Vor allem eure Anmerkungen zu schwarzem ... e4 mit zentraler Einengung des weißen Spiels sind interessant.

In meinen in der Reihe 'Locker etc.' geplanten Partien gibt es noch zwei mit frühem schwarzen e4. Nur in einer davon kann Weiß diesen Vorstoß widerlegen, in der anderen wird Weiß zermalmt. Vielleicht würde letztere hierzu also auch noch passen, trotzdem bringe ich (vsl. die nächsten Tage) zuerst die andere, weil sie schon fertig kommentiert ist :)
Vabanque - 17. Aug '18
>>ZB. kannte ich die Regel: "Zur Brettmitte hin schlagen" nicht.<<

Naja, so fest gefügt ist die 'Regel' nicht. Man liest sie oft in Lehrbüchern, und sie hat auch einen Grund: schlägt man mit einem Bauern zur Brettmitte hin, wird er damit quasi aufgewertet, da zentrale Bauern als wertvoller gelten. Warum ist das so?
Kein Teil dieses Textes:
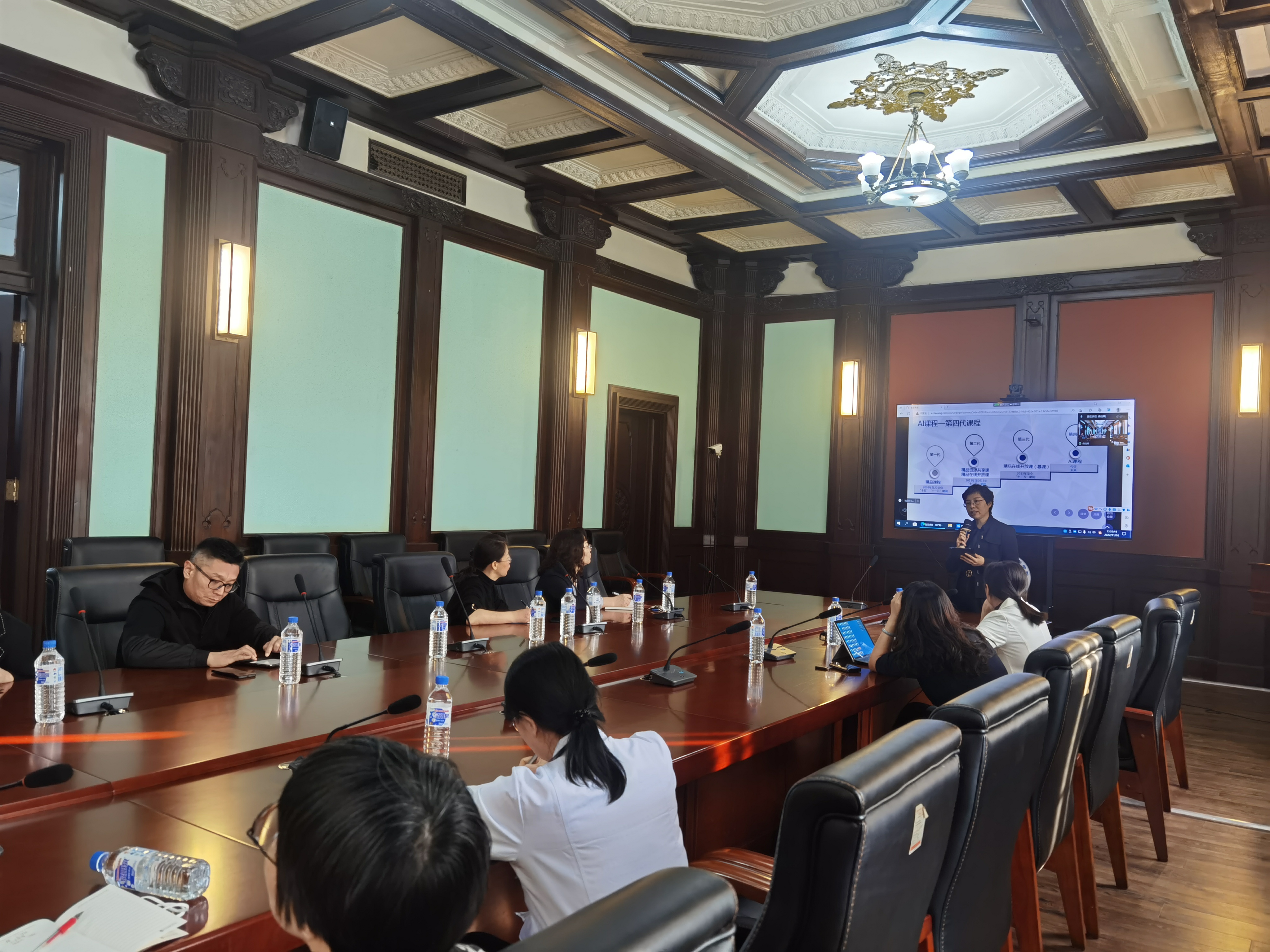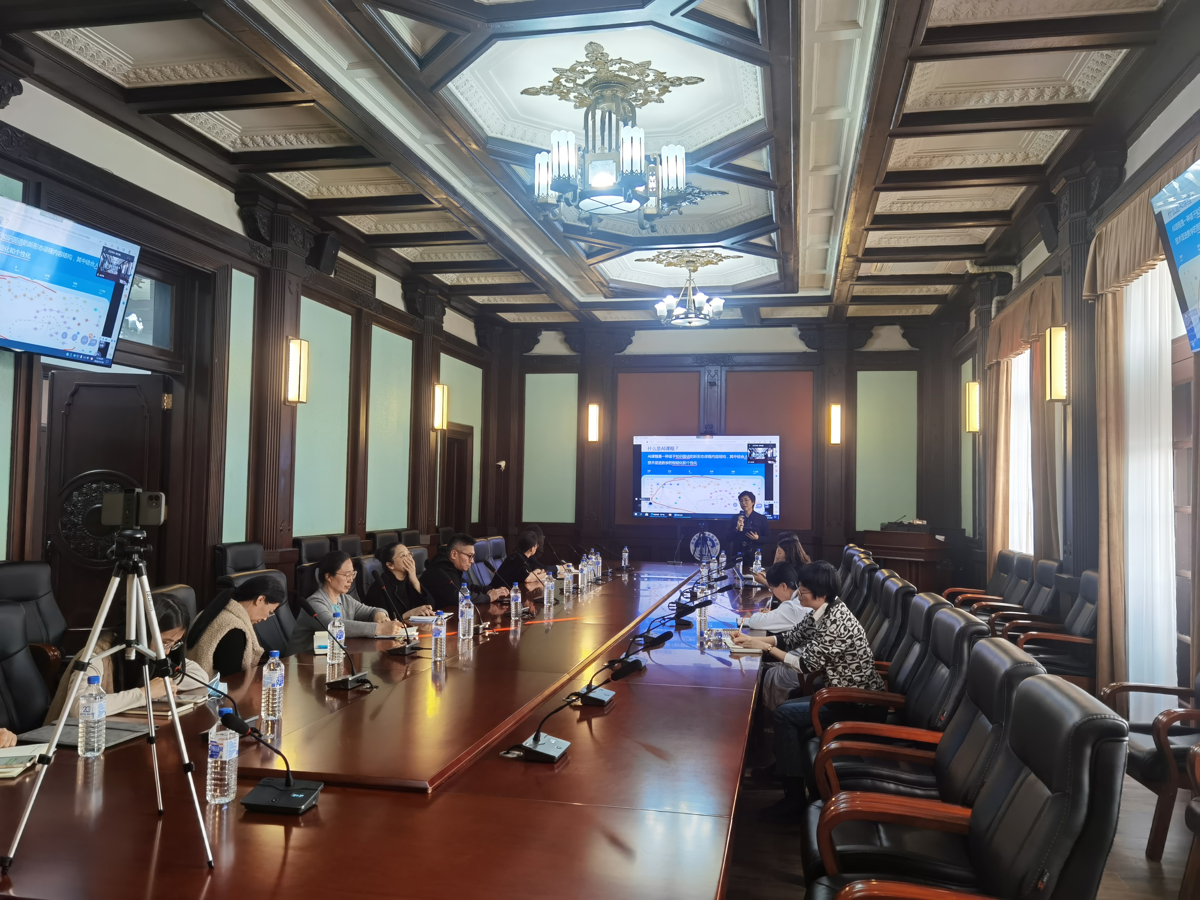 会议邀请了学院王医术教授、李晶教授和赵佳副教授分享课程建设经验。三位老师分别从AI课程的演变、虚拟仿真课程项目的申报、虚拟仿真实验的设计以及应用等多个方面进行了虚拟课程建设的经验分享。参会教师们就课程建设的前期积累、课程建设模式、工作团队组建、教学成果应用等方面展开了热烈讨论。院长王放教授表示,虚拟仿真教学系统的建设要符合高阶性、创新性与挑战度的要求,以提高课程质量为导向,提升实验教学质量和实践育人水平。

Nun, ein Bauer, der zentral steht, wirkt wiederum auf wichtige Zentralfelder, wo er eigene Figuren stützen und gegnerische Figuren vom Betreten dieser Felder abhalten kann. Und Figuren (nicht: Bauern), die zentral stehen, beherrschen mehr Felder, und vor allem: sie können leichter nach allen Seiten des Bretts bewegt werden.

Aber die 'Regel' hat auch in der Meisterpraxis ganz viele Gegenbeispiele.
Auch in obiger Partie von KroMax hat das Schlagen dxc3 statt bxc3 auch Vorteile: der Lc1 wird befreit und die d-Linie öffnet sich für die weiße Dame. Ich wäre gar nicht sicher, welchem Schlagen ich da den Vorzug gegeben hätte.
Vabanque - 17. Aug '18
Aber die Nachteile von dxc3 überwogen in dieser konkreten Situation halt letztlich doch, und diese hat Oli1970 oben ja auch schon recht schön ausgeführt, da brauche ich nichts mehr hinzuzufügen.